::: Dataset extract

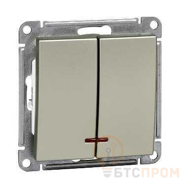 Механизм W59 (цвет шампань) выключателя 2-клавишного с подсветкой подходит для сетей 250 В, на ток до 10 А. - Двухклавишный выключатель позволяет управлять двумя источниками света с одной точки. - Благодаря подсветке изделие легко найти в темноте. - Серебряные контактные группы выключателей обеспечивают надёжный электрический контакт и пожаробезопасность. - Корпус изделия выполнен из высококачественного ABS-пластика.
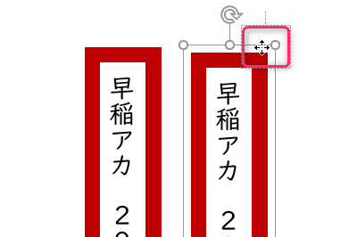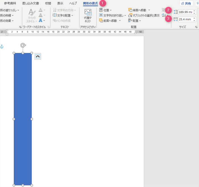 図形を選択し、図形の書式 → サイズグループの縦に180、横に15と入力します。
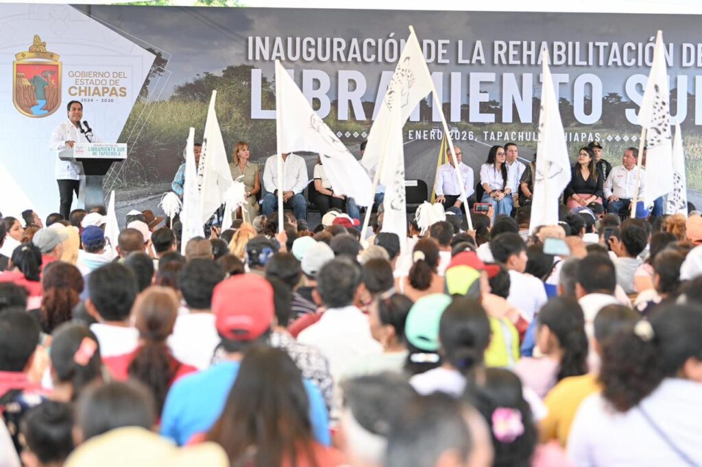El gobernador Eduardo Ramírez Aguilar inauguró los trabajos de rehabilitación del Libramiento Sur de Tapachula, obra que representó una inversión superior a 74.5 millones pesos y beneficia de manera directa a más de 421 mil habitantes. Destacó que esta acción forma parte del proyecto de modernización de dos mil kilómetros de carreteras estatales que impulsa el gobierno de la Nueva ERA, con el objetivo de fortalecer la conectividad y dinamizar las actividades sociales, comerciales y turísticas en las distintas regiones de Chiapas.
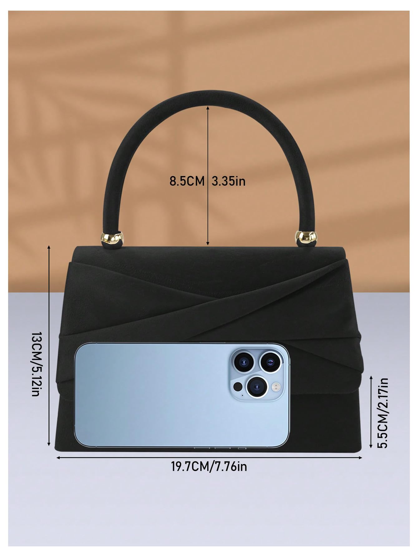 Size: Approx. 19.7 cm / 7.76 in (L) × 5.5 cm / 2.17 in (W) × 13 cm / 5.12 in (H), with a handle height of about 8.5 cm / 3.35 in. Suitable for carrying small essentials such as your phone, cards, keys, and lipstick.
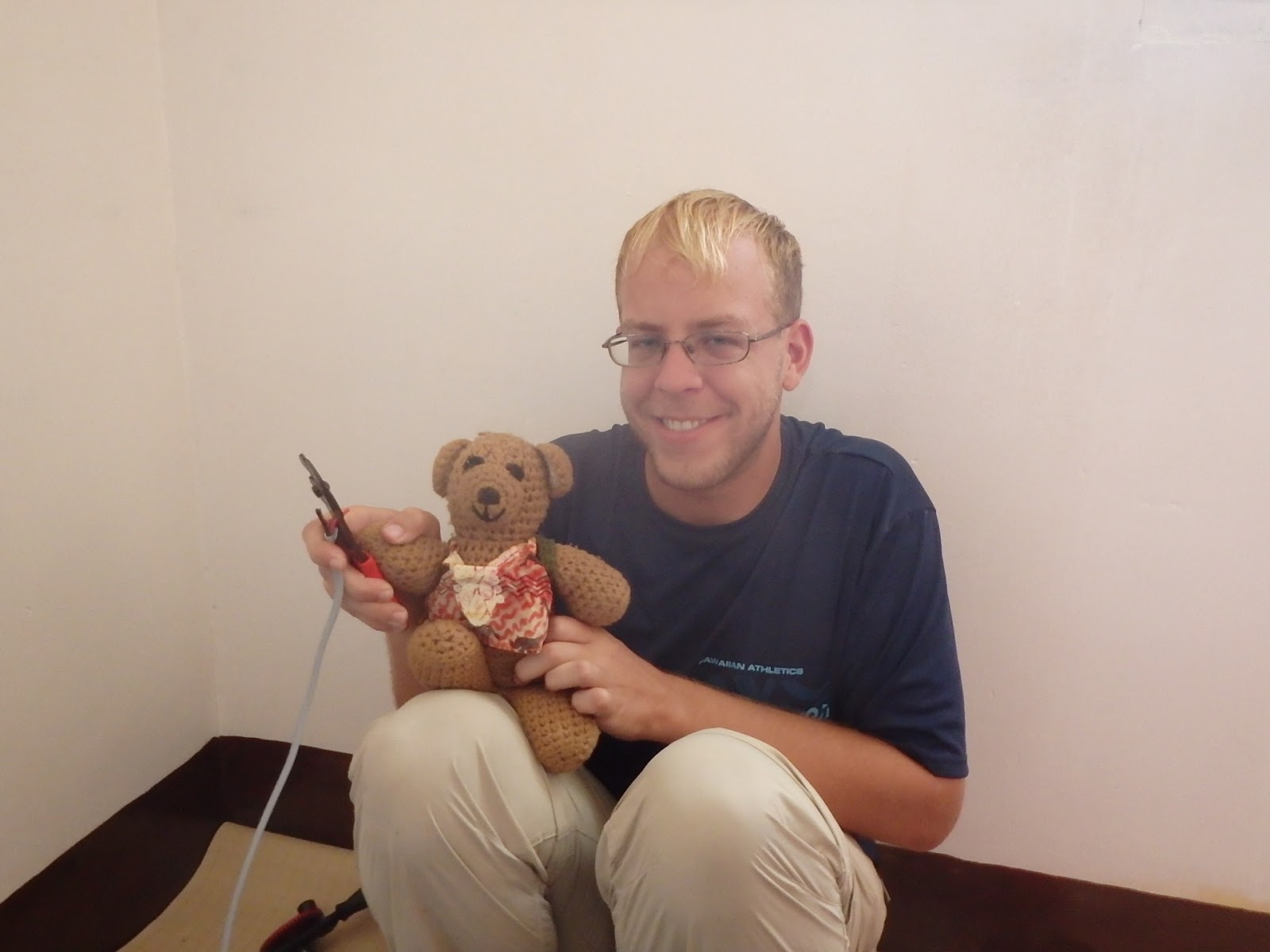 We finally got the male plug for $1.05 after the exchange rate and headed back. After that it took about 15 to 20 minutes to make a long extension cord using the wire I had brought and the female outlet along with a wall box to protect the open wires. Kyle was a quick study and put it all together along with Barnabas. I left as it would be hours before the power was back on to test it. Kyle did tell me it worked great after the power to the region was turned back on.

::::::

What you need to do:
What you give back should be exactly the lines from the top of the data above down to and including the line with "Size: Approx. 19.7", minus any pictures.

Exercise output:
 Механизм W59 (цвет шампань) выключателя 2-клавишного с подсветкой подходит для сетей 250 В, на ток до 10 А. - Двухклавишный выключатель позволяет управлять двумя источниками света с одной точки. - Благодаря подсветке изделие легко найти в темноте. - Серебряные контактные группы выключателей обеспечивают надёжный электрический контакт и пожаробезопасность. - Корпус изделия выполнен из высококачественного ABS-пластика.
 図形を選択し、図形の書式 → サイズグループの縦に180、横に15と入力します。
El gobernador Eduardo Ramírez Aguilar inauguró los trabajos de rehabilitación del Libramiento Sur de Tapachula, obra que representó una inversión superior a 74.5 millones pesos y beneficia de manera directa a más de 421 mil habitantes. Destacó que esta acción forma parte del proyecto de modernización de dos mil kilómetros de carreteras estatales que impulsa el gobierno de la Nueva ERA, con el objetivo de fortalecer la conectividad y dinamizar las actividades sociales, comerciales y turísticas en las distintas regiones de Chiapas.
 Size: Approx. 19.7 cm / 7.76 in (L) × 5.5 cm / 2.17 in (W) × 13 cm / 5.12 in (H), with a handle height of about 8.5 cm / 3.35 in. Suitable for carrying small essentials such as your phone, cards, keys, and lipstick.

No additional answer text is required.